That's why if JetBlue had bought the 737-800 in the first place they wouldn't passenger load limits on transcon flights between the US West Coast and New York-JFK.
If Boeing had modernized the 727 by replacing the 3-man cockpit with the 757 2-man cockpit and changing it to a twin engine configuration, it's quite possible the 727 would have continued being the most popular jet airliner. It was only after the the 727 was discontinued that the 737 orders really started increasing.
The Next Generation 737 is almost a new aircraft compared to older 737 models. It has two totally new wings and new avionics. It has the same dimensions as the classic 737's so it fits at gates designed for older 737's and can use the same ground equipment, but in many ways it is mostly a new plane.
As a frequent flyer, I generally feel safe in 737s, especially compared to the A319 and A320, which just don't seem solid to me, or MD-80s, which are outright flexible (just sit with your shoulder against the wall near an emergency exit and you'll see).
But the single scariest airplane I've been on was an ancient 737 flown by Aloha Air, just last year. This was an original-issue model with the engines tucked under the wings without pylons. It was of the same vintage as the one that went "convertible" off Hawaii many years ago due to age, salt-air corrosion and the stress of countless island-hopping decompressions. This one had riveted reinforcement plates running down the full length of the fuselage to avoid the same fate. Not confidence-inspiring. Maybe Air Sibera runs older, more run-down planes than that one. But it got us from island to island in one piece. Keeps on ticking, indeed.

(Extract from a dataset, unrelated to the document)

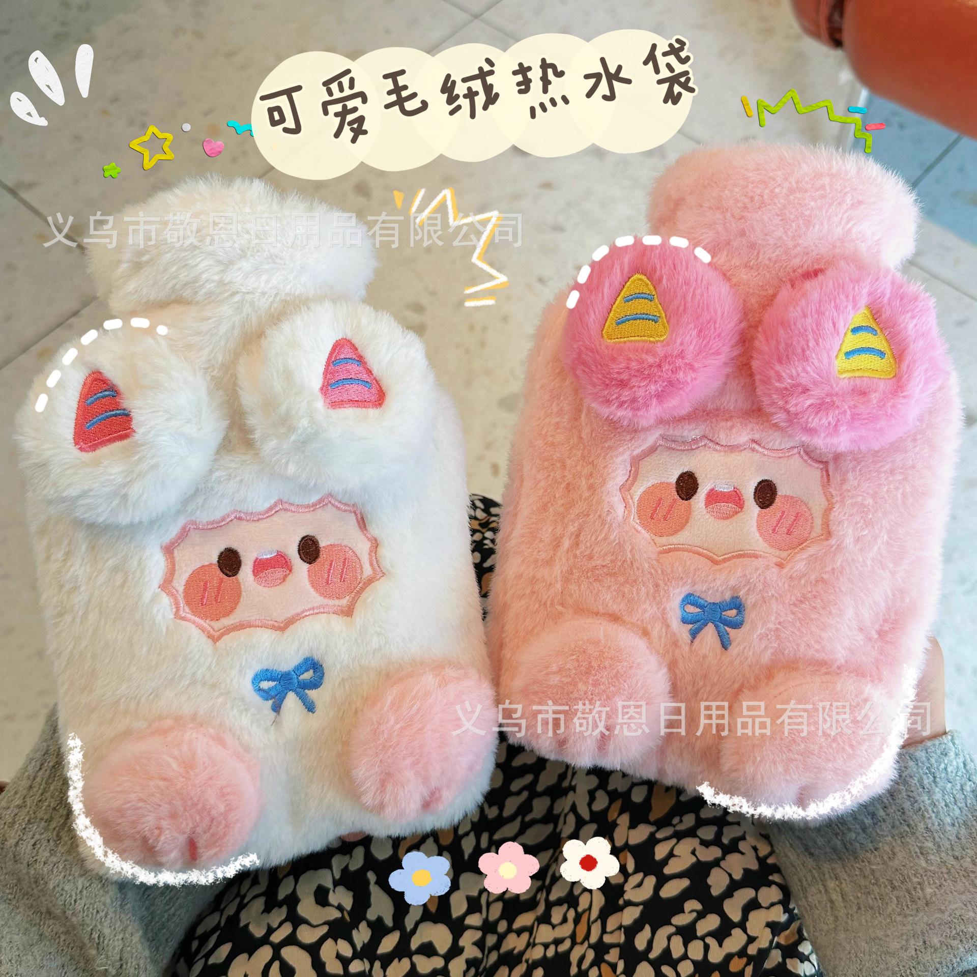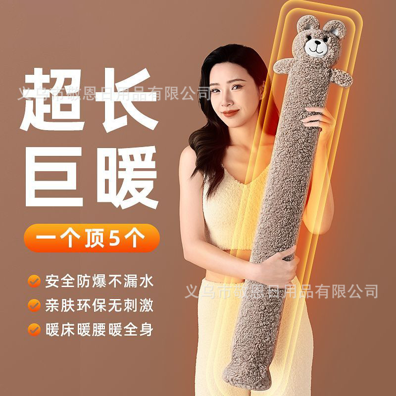 长条热水袋注水可爱加厚睡觉暖脚神器特大号加长被窝专用毛绒暖水

Wasn't the first one off the line the prototype? I thought NASA had already sent it to the Smithsonian.
The first 707 is at the new Smithsonian, but it had so many modifications that it don't look much like a 707 anymore.
Actually, the A320's that are out now with the high bypass engines can do coast to coast without any problems. Our first batch of A320's (from Braniff II) had problems doing BWI-PHX on a hot summer day. But our newer 320's and 319's easily did BOS-SFO or LAX-JFK. We have a 319 that does Phoenix to San Jose Costa Rica without any problems, and we also go to Cancun from Phoenix without much problems (even less now that we have ETOPS).
Nice bird...just avoid that hard-over rudder...could ruin your day!
You will get a kick out of this, from the December issue of Air Transport World "Through the Years"
30 years ago: ALPA and United's pilots may have won all the battles but lost the war on the 737 three-man crew issue. UAL sold two more 737s in November and has another tabled for 1976. It also plans to sell 10 others.
The 737 is probably the world's most overpowered airliner, and the Southwest pilots seem to delight in this fact during takeoff. If the country ever needs another medium bomber or cruise missile platform, the 737 would be just the ticket.
The Dash-80 really wasn't a prototype. It was a technology demonstrator. The fuselage was derived from the Boeing 367 Stratocruiser. I'm not quite sure if the wings were adapted from the B-47. The fuselage width of the KC-135 wasn't settled till the first order for them came from the USAF. Boeing later was forced to make the commercial 707 fuselage four inches wider after Pan Am ordered 25 DC-8's be delivered after the first 20 707's.